Bankacılık sektörü, kredi büyümesi, fonlama maliyetleri ve kârlılık açısından zor bir dönem olan 2024'te başarılı bir sınav verdi. Sektör, makrofinansal dengesizliklerin ve risklerin azaltıldığı geçiş sürecinin getirdiği maliyetleri iyi yöneterek sermaye gücünü ve bilanço sağlamlığını korudu.

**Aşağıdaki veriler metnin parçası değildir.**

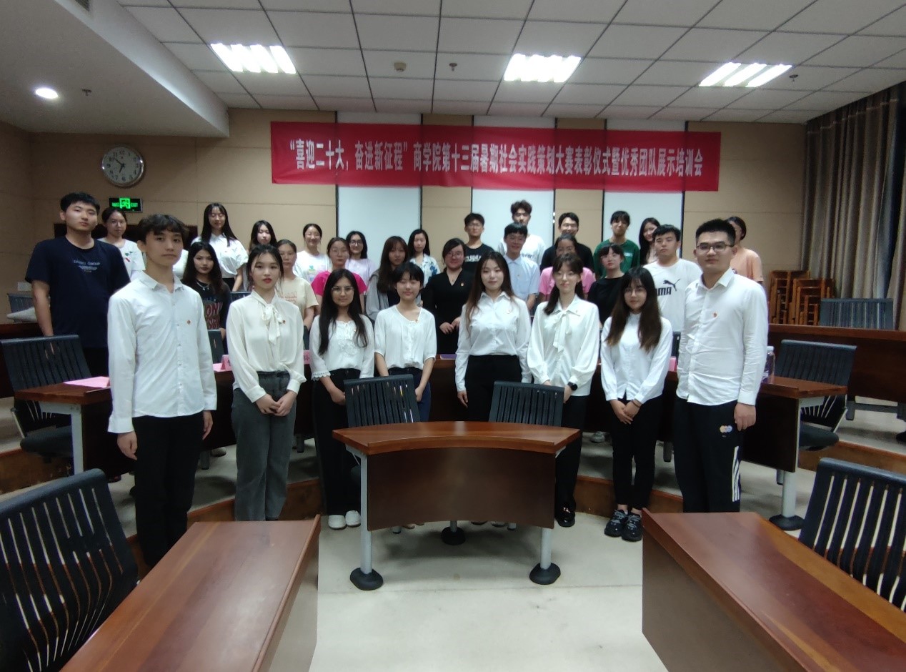 优秀实践团队向“商耀青春实践团”授旗

Sıkı parasal duruş ve uygulanan makroihtiyati tedbirlerin etkisiyle kredi büyümesi 2024 yılında yavaşladı. Öte yandan, bu dönemde ülke risk primi gerileyerek dış finansman koşullarının iyileşmesini sağladı ve sektördeki genel görünümü destekledi. Enflasyondaki düşüş eğiliminin devamıyla birlikte sektör için en zor dönem geride kalırken, önümüzdeki yıl fonlama maliyetlerinde beklenen iyileşmeyle bilançoların kademeli olarak rahatlayacağı belirtiliyor. 2025 yılında makroekonomik istikrarın sağlanması, enflasyonun düşmesi ve dijitalleşme ile sürdürülebilirlik alanlarındaki gelişmeler sayesinde sektörün, daha dirençli ve verimli bir yapıya kavuşacağı öngörülüyor.
TOPARLANMA YAŞANACAK
2025 yılı itibarıyla bankacılık sektöründe başlayacak kademeli bir gevşeme sürecinin ve özellikle faiz oranlarındaki indirimlerin etkisiyle, sektörün net faiz marjlarında belirgin bir toparlanma yaşanacak. Bu toparlanmanın, bankaların gelirlerini artıracağı ve sektörü canlandıracağı kaydediliyor. Kademeli faiz indirimleri kredi-mevduat makasını ve marjlardaki trendi pozitif etkileyecek. Enflasyondaki seyir ve kredi büyüme sınırlamalarının devamlılığı önümüzdeki dönemin büyüme dinamikleri için belirleyici olacak. Türk bankacılık sektörü için 2025'in, faiz politikalarının, dijitalleşme ve sürdürülebilirliğin belirleyici olduğu bir yıl olacağını öngörüyoruz.
MEVDUAT 18.2 TRİLYON TL
Türkiye Bankalar Birliği Başkanı Alpaslan Çakar, bankacılık sektörü olarak gelinen noktayı anlattı. Çakar, "Bankacılık sektörüne bakıldığında 30 trilyon TL'lik bir büyüklüğe ulaştık. Gayri safi milli hasıla içerisinde de bankacılık sektörünün büyüklüğü yüzde 76'ya geldi. Bu, ülkemiz ölçeğinde anlamlı bir rakam. Ama Euro Bölgesi ve daha gelişmiş ülkelere bakıldığında bu oranın çok daha yüksek seviyelere gidebileceğini de hep beraber biliyoruz. Mevduata geldiğinizde; 18.2 trilyon TL seviyesinde. Bugün itibarıyla bilanço içerisindeki payı yüzde 60'lar seviyesinde. İkinci önemli husus da kredi tarafı. 15.4 trilyon TL'lik bir kredi hacmine sahibiz. 15.4 trilyon TL'lik kredi, toplam bilanço üzerinde yüzde 51 paya sahip; ki bu belli periyotlarda çok daha yüksek olabiliyor ki daha da yükselmesi muhtemel bir oran" dedi.
OVP'NİN ETKİSİ OLDU
Türkiye'nin 2024 hikâyesinde mevcut konjonktürel etkilerin yanı sıra, Eylül 2023'de açıklanan Orta Vadeli Programı'nın (OVP) etkisine dikkat çeken Çakar, "OVP fiyat istikrarı, bütçe disiplini, sürdürülebilir cari açık ve yapısal reformlar üzerine inşa edildi. Biz bankacılık sektörü ve finans sektörü özellikle birinci maddeden yani fiyat istikrarı, finansal istikrar çerçevesinde bütün politikalarımızı o çerçevede oluşturduk. Gelinen nokta itibarıyla, Merkez Bankası rezervi 160 milyar dolara ulaştı, uluslararası derecelendirme kuruluşları Türkiye'nin notlarını arttırdı, gri listeden çıktık. Büyüme tarafında iç talep yerine dış talep kaynaklı bir büyüme mekanizması söz konusu, cari açık yüzde 1'in altına düşmüş durumda" dedi.